Watering and Feeding
Poinsettias should be watered regularly and kept evenly moist. Never let plants sit in water; always empty their saucers or planters shortly after watering.
Getting Poinsettias to Bloom Again
With proper poinsettia care after Christmas, you can get a plant to perform again. Water it until mid-spring, then let it dry out and allow the stems to shrivel. Keep it cool. At the end of spring, cut all growth to a couple of inches above the soil and re-pot it in new soil. Water well and keep it warm, feeding it with houseplant fertilizer when new growth appears. A month later, move the plant outside to a shady location, pinching out the growing tips in midsummer, before returning it indoors. Give it a sunny spot, watering and feeding regularly; then from mid-autumn, keep the plant in total darkness between 5 p.m. and 8 a.m. It will then re-flower and produce colorful bracts.

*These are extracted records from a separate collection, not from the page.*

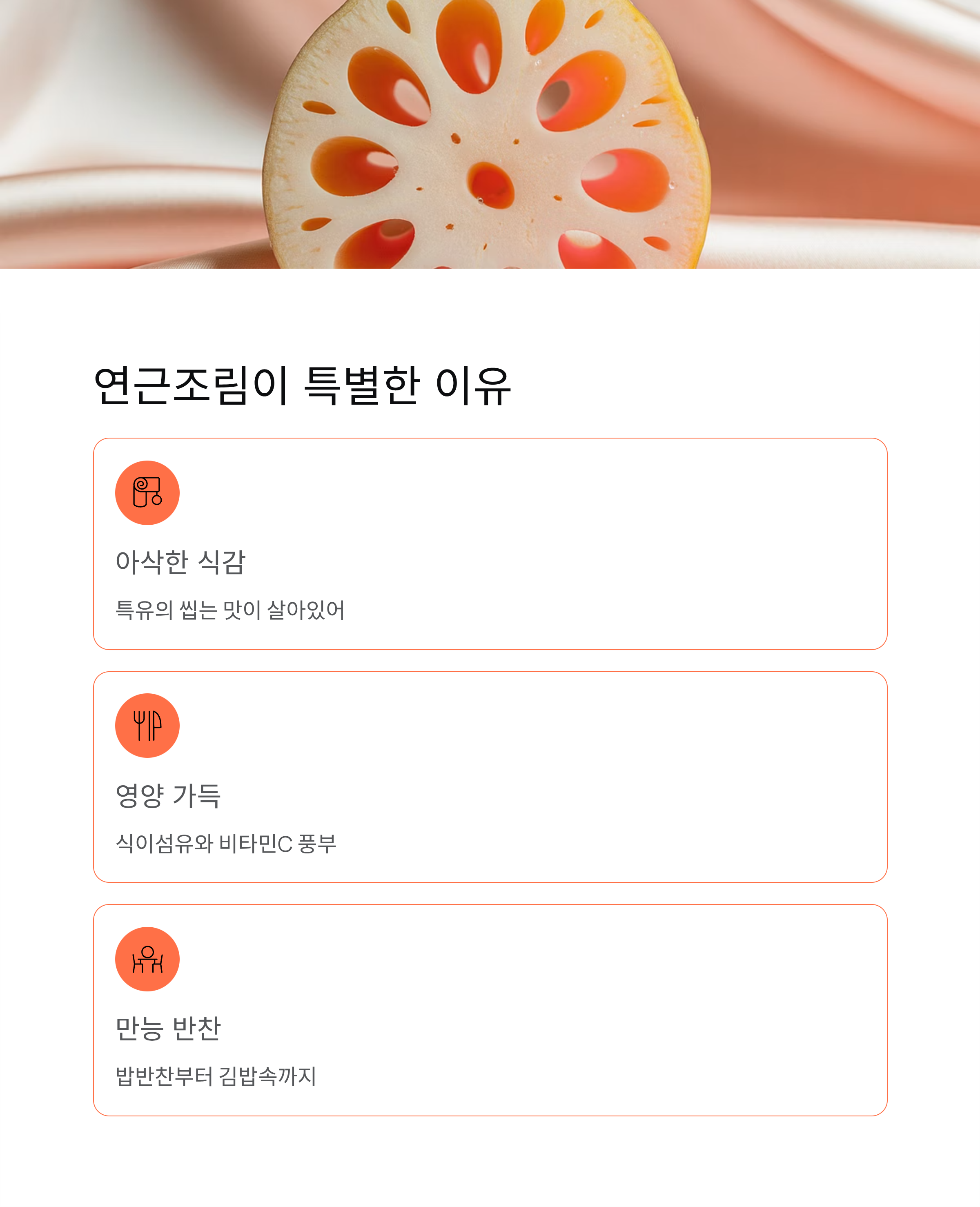 달짝지근하면서도 짭조름한 양념이 연근 특유의 아삭한 식감과 만나 입맛을 돋워주지요.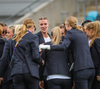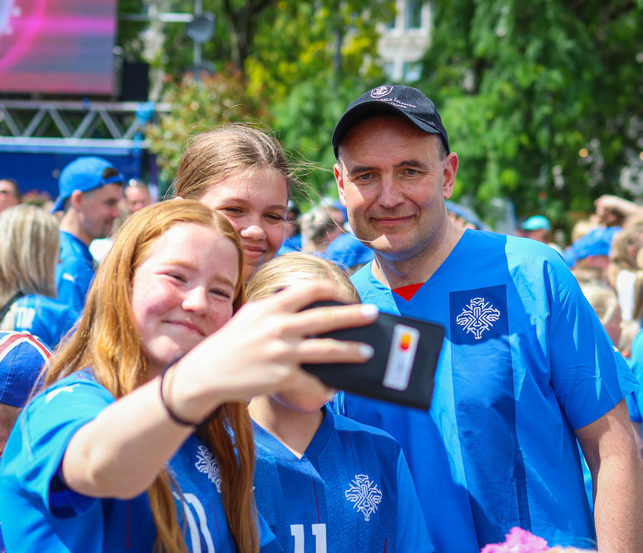 ,,Guðni var bara að peppa okkur. Hann sagði okkur að hann væri stoltur af okkur og að allt fólkið heima á Íslandi væri að styðja okkur. Það er ótrúlega gaman að heyra það. Hann gaf okkur hvatningarorð. Þau sögðu við okkur að við værum góðar fyrirmyndir og við tökum því hlutverki alvarlega. Það er frábært að fá stuðning frá þeim og gaman að heyra að við séum með mikinn stuðning heima þó við vitum það líka vel," sagði Dagný Brynjarsdóttir í gær.
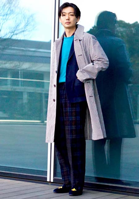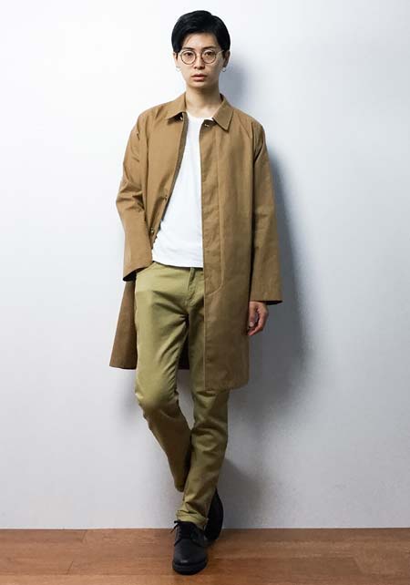 真面目なステンカラーに、素材でくつろぎ感を表現。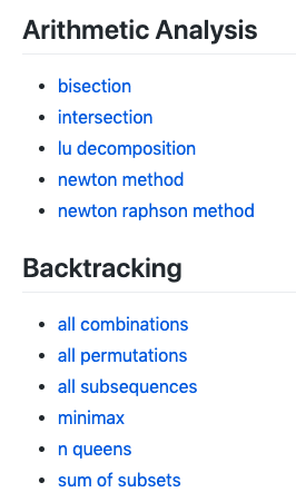Python 中用到的所有算法,用于学习目的,可能实际效果不如 Python 标准 library 实现。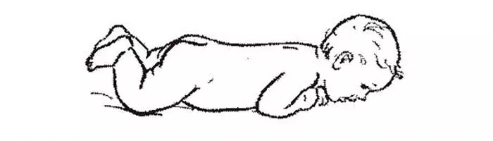 - Тренировке мышц.Лежа в такой позе, малыш рефлекторно приподнимает голову, что способствует укреплению мышц шеи, спины, живота и рук. Это важный аспект для овладения в дальнейшем двигательными навыками.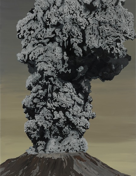 Bild links: Sven Drühl, SDNN (volcano), 2016, Lack auf Leinwand; 200 x 155 cm, Kunsthalle Emden, © VG Bild-Kunst, Bonn 2025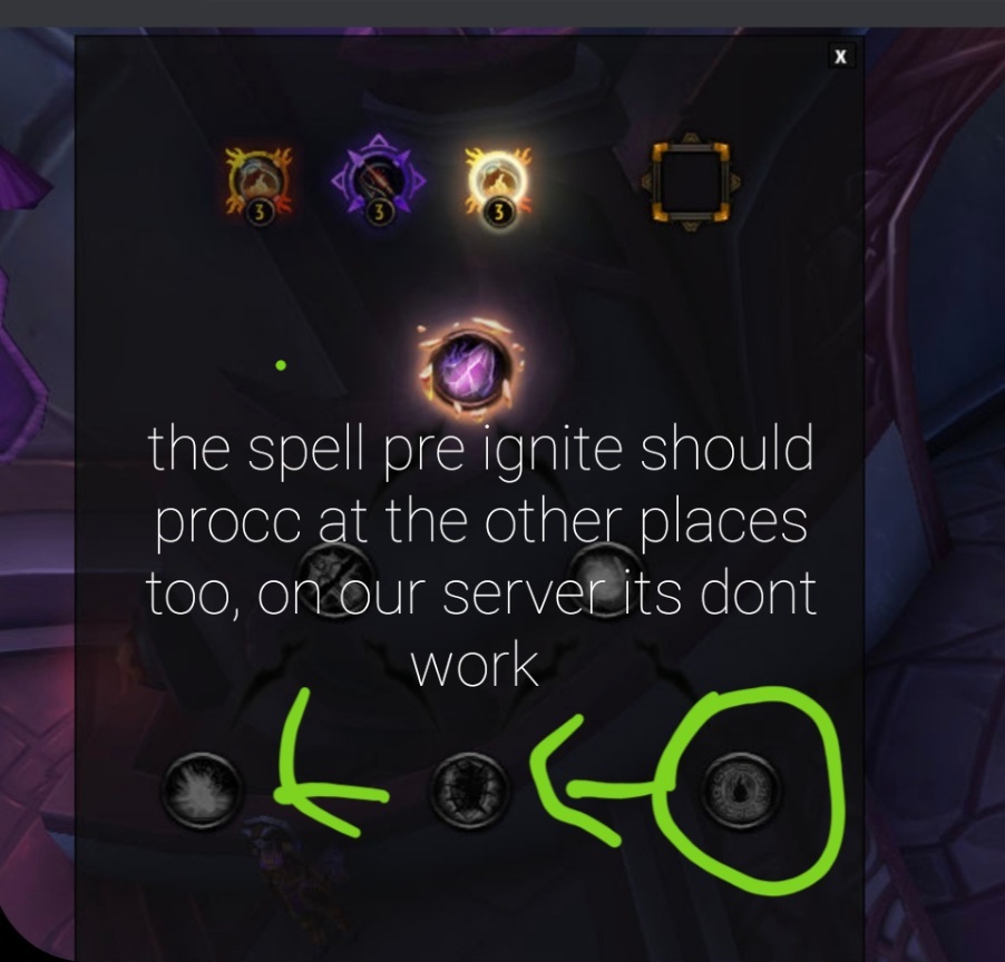 | Description | hello i have used over 400 relics in the nethertiegel on the "legion test" server to combine https://www.wowhead.com/spell=238055/pre-ignited with dark side but it proc only on the light side not even in the middle or left , although it should be random | ||||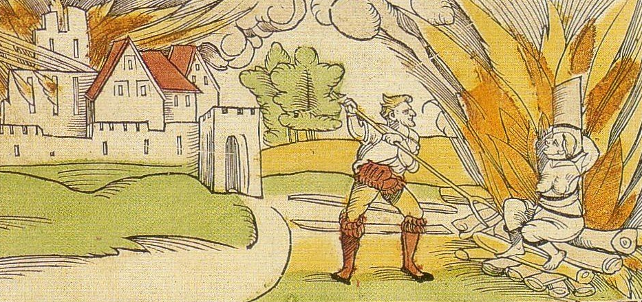 Bild auf einem Flugblatt aus dem Jahr 1533. In diesem Jahr verbrannten alle Häuser des Ortes Schiltach (bei Freiburg). Den Brand sollte eine Magd gelegt haben, der man vorwarf, sie stehe mit dem Teufel im Bunde. Sie wurde bei lebendigem Leibe verbrannt.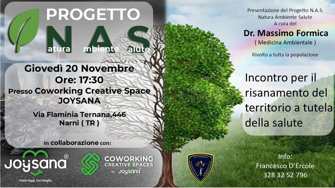 Giovedì 20 novembre alle ore 17:30, presso il Coworking Creative Spaces by Joysana, in Via Flaminia Ternana, 446 – 05035 Narni (TR), cittadini, imprese e istituzioni si ritroveranno per la presentazione ufficiale del Progetto N.A.S. – Natura Ambiente Salute.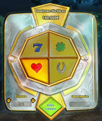 Wähle ein Symbol, Glücks- Sieben, Herz, Kleeblatt oder Hufeisen und natürlich den Einsatz. Danach wird eine Karte mit 2 Feldern Automatisch gezogen, wo jedes ein eigenen Geinn erzielen kann.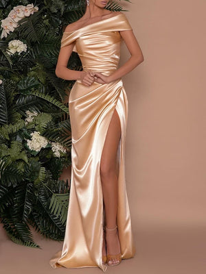 Sheath/Column One-Shoulder Floor-length Prom Silk Satin Dresses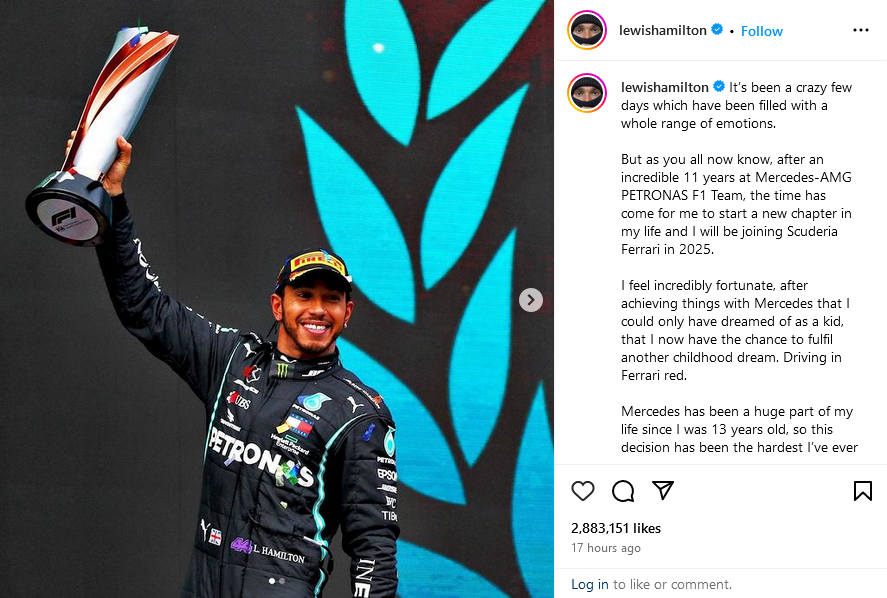 Lewis Hamilton a dat prima declarație publică în contul său de Instagram în care spune că, după ce a realizat cu Mercedes lucruri la care ar fi putut visa doar în copilărie, acum are șansa să-și împlinesc un alt vis din copilărie, „Driving in Ferrari red” („Să conduc în roșu Ferrari”).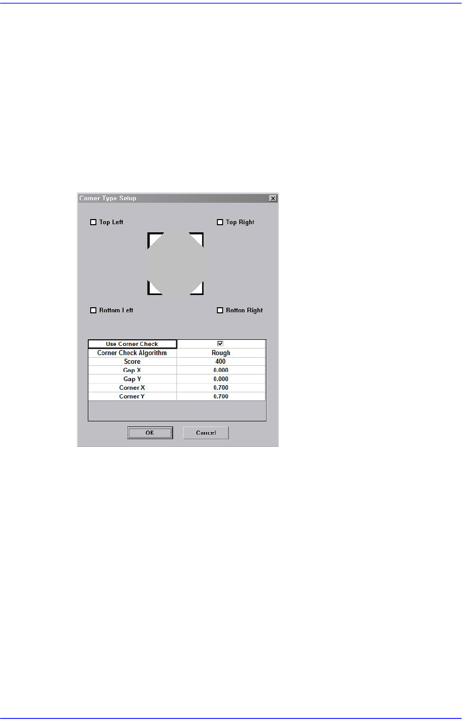 需要使用<角的检测能力>角部检查算法时,请圈选该复选框。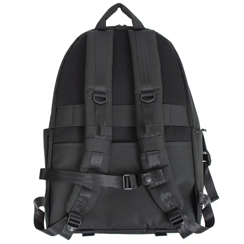 For long-term comfort, the black backpack is equipped with ergonomic shoulder straps and a stabilizing chest strap to distribute weight evenly during extended wear. A reinforced, soft top handle supports comfortable hand carry. Travel-friendly details such as a suitcase fixing belt and external attachment systems allow secure transport during airport travel or when carrying items like tripods or skateboards. The shoulder straps also feature discreet details, including a hidden small pocket for card storage and an elastic loop designed to secure earphones for quick and easy access.
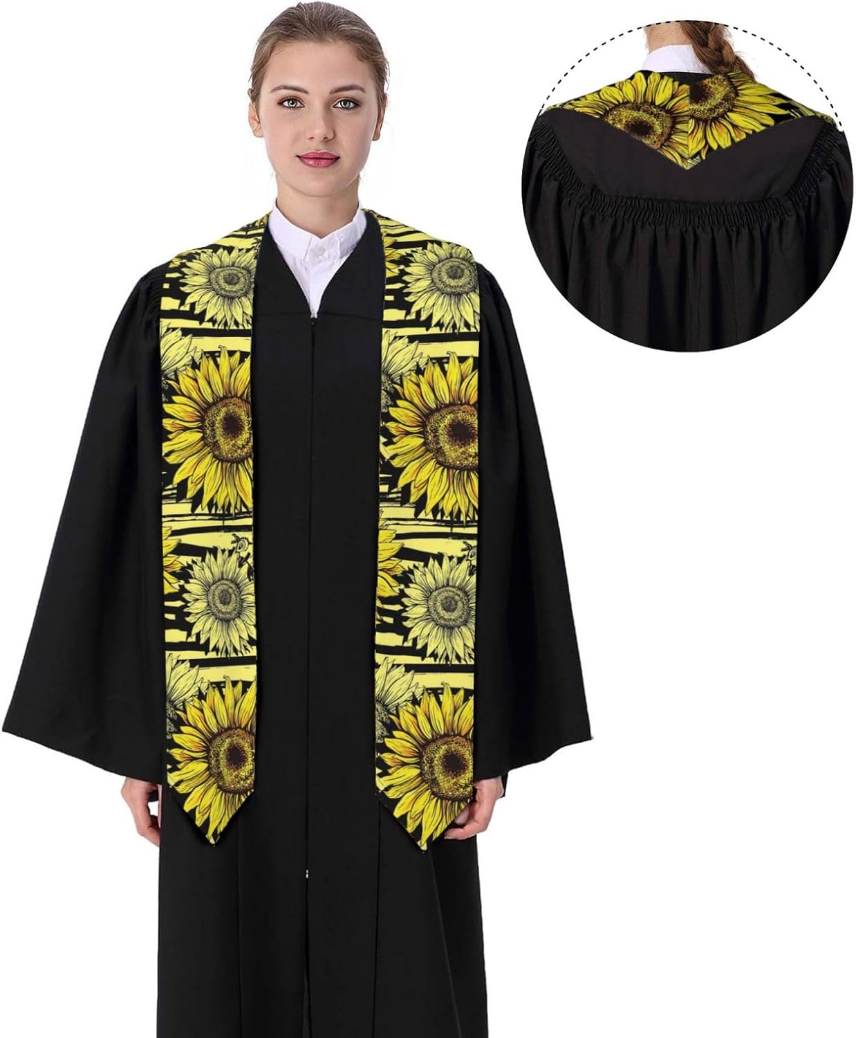 Stola per laurea con stampa di api e girasole, unisex, per adulti, tinta unita, con angoli affilati, taglia unica, Angolo acuto, taglia unica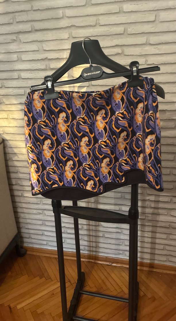Drapeli, yılan desenli, koyu mor renkli, bol kesim mini hamile eteği. Günlük kullanıma uygun bohem tarzda.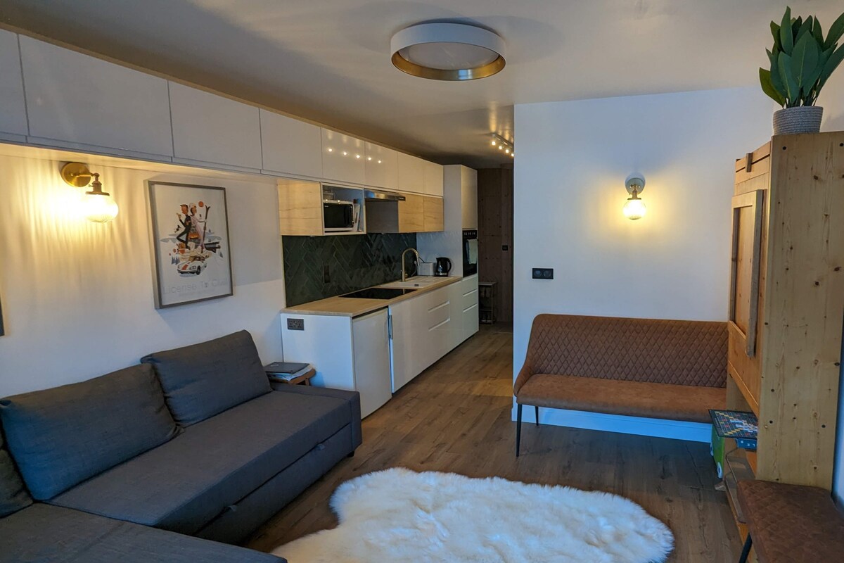 Recentemente totalmente renovado. Um apartamento iluminado, moderno e de 2 quartos que pode acomodar 6 pessoas. 1 quarto de casal, 1 beliche triplo e sofá-cama de casal. 7 minutos a pé do centro de Morzine, 2 minutos a pé da parada de ônibus de esqui e do supermercado principal Carrefour, então tudo o que você precisa está realmente perto. Nova cozinha com forno, fogão, máquina de lavar e secar roupa, máquina de lavar louça, panela elétrica, micro-ondas. Banheiro e chuveiro modernos Garagem e uma grande caverna de esqui segura. Lindas varandas com vista para Morzine e as pistas.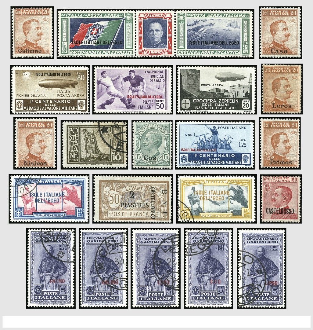 EGEÏSCHE EILANDEN 1912-1940, mooie verzameling o/*/** van vrijwel alle gebieden in ringband met talrijke goede nrs. en series, vele briefstukjes en een aantal brieven. Zelden zo aangeboden!
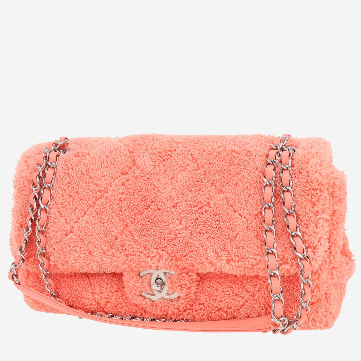 Élégant sac à main Chanel Timeless en tissu-éponge rose, garniture en métal argenté, double anse-chaine en métal argenté entrelacée de cuir rose permettant un porté épaule ou bandoulière.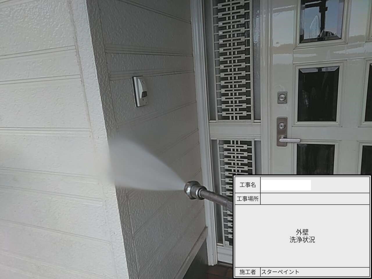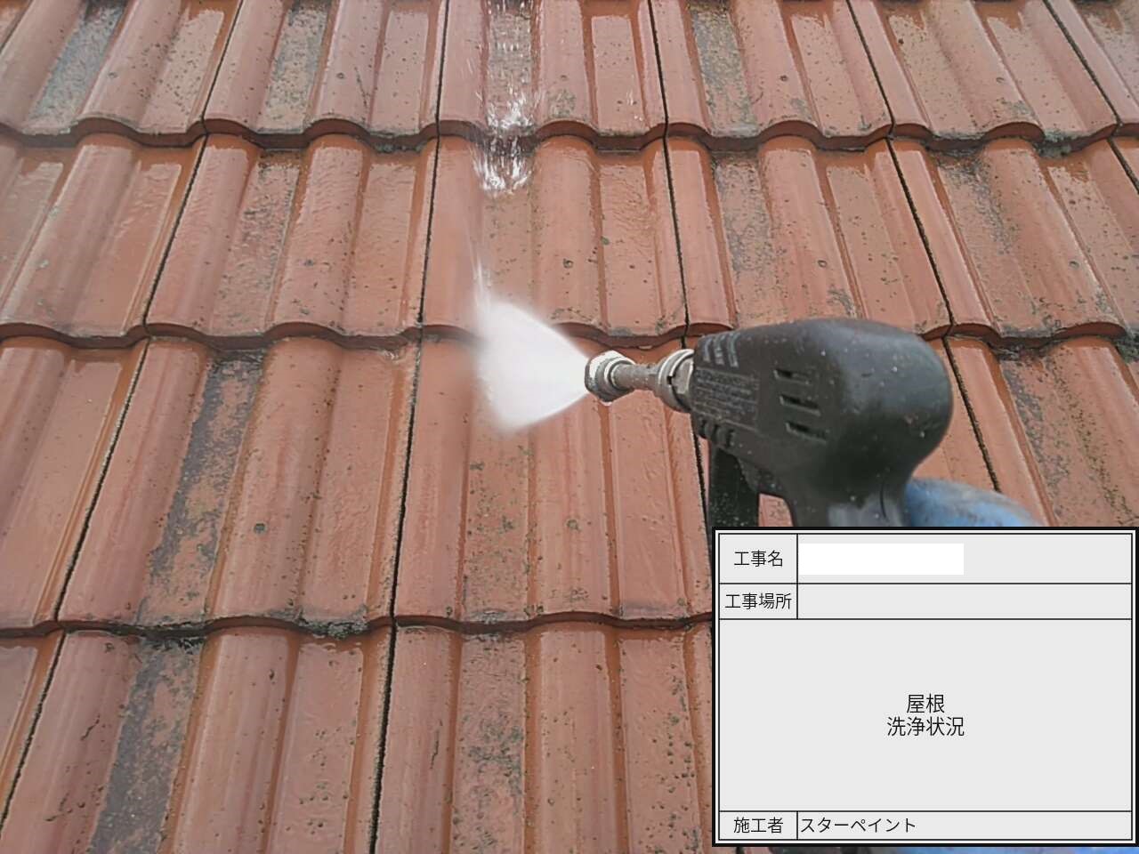 洗浄作業を行います。屋根と外壁の洗浄作業の様子です。

*Random decorating idea that Grandma would approve of? If you have a red, or pink, Poinsettia–they can become an adorable, and slightly unconventional, Valentines decoration. Put a red one in a pink pot, or a pink one in a red pot–add a heart, poke cute Valentines Day decorations into the dirt, hang little hearts from the stems, surround it with Valentine’s decorations, and/or, place it on a cute, heart shaped, paper doily! It’s different, and cute. 🙂(Plus, if you do it right–it could be totally Pinterest worthy.)